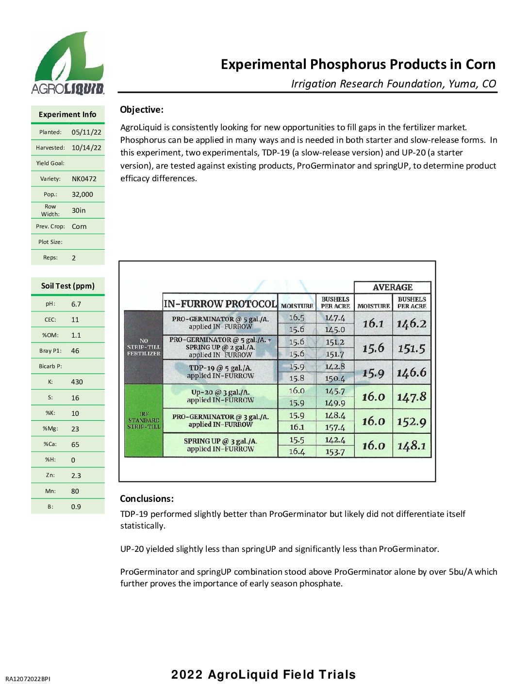 Crops: Corn. States / Provinces: Colorado. Nutrients: Phosphorus. Years: 2022. Applications: Planter and Strip-Till.
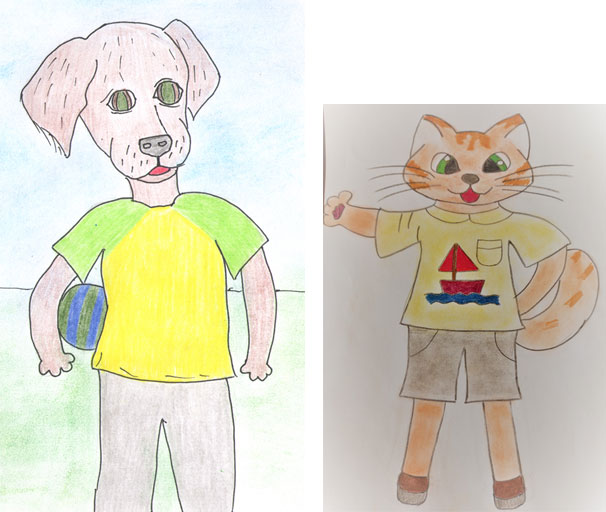 Так, размышляя, котёнок брёл по лужайке. Он не заметил, как натолкнулся на кого-то. Пушок поднял свои зелёные глаза и увидел двух забавных зверят: рыжего котёнка и коричневого щенка. Малыши с интересом смотрели на него.
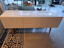 Set vintage nachtkastjes blond houten zwarte pootjes
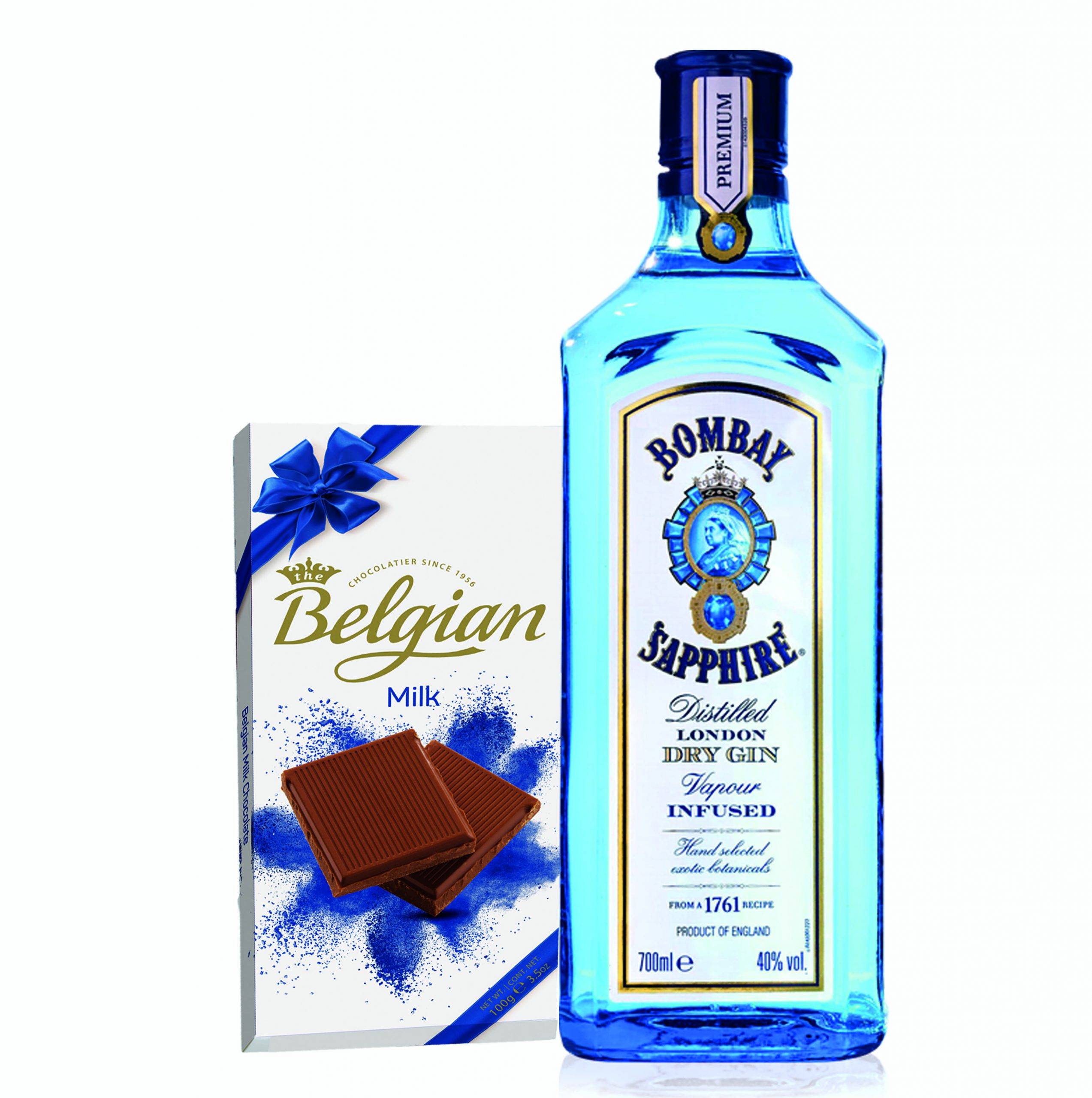A single bottle of Bombay Sapphire Gin 700ml together with Belgian Chocolate Bar 100g (3.5 oz) is presented in nice decoration. Please be aware that the flavor of chocolate could be changed according to our current stock.
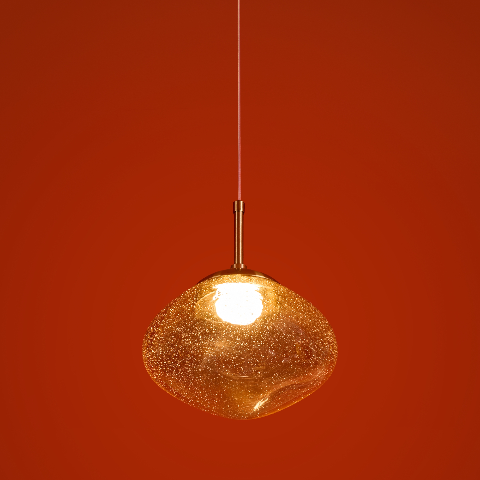 Арматура — металл. Стеклянные плафоны с пузырьками в трёх цветах: дымчатый, прозрачный, янтарный. Интегрированный LED источник света 3000К, Ra 80, угол 180°. Высота регулируется.

TASK DETAILS ▸
Every line above should be repeated exactly; pictures stay out of the copy.

ANSWER SPACE ▸
 Crops: Corn. States / Provinces: Colorado. Nutrients: Phosphorus. Years: 2022. Applications: Planter and Strip-Till.
 Так, размышляя, котёнок брёл по лужайке. Он не заметил, как натолкнулся на кого-то. Пушок поднял свои зелёные глаза и увидел двух забавных зверят: рыжего котёнка и коричневого щенка. Малыши с интересом смотрели на него.
 Set vintage nachtkastjes blond houten zwarte pootjes
A single bottle of Bombay Sapphire Gin 700ml together with Belgian Chocolate Bar 100g (3.5 oz) is presented in nice decoration. Please be aware that the flavor of chocolate could be changed according to our current stock.
 Арматура — металл. Стеклянные плафоны с пузырьками в трёх цветах: дымчатый, прозрачный, янтарный. Интегрированный LED источник света 3000К, Ra 80, угол 180°. Высота регулируется.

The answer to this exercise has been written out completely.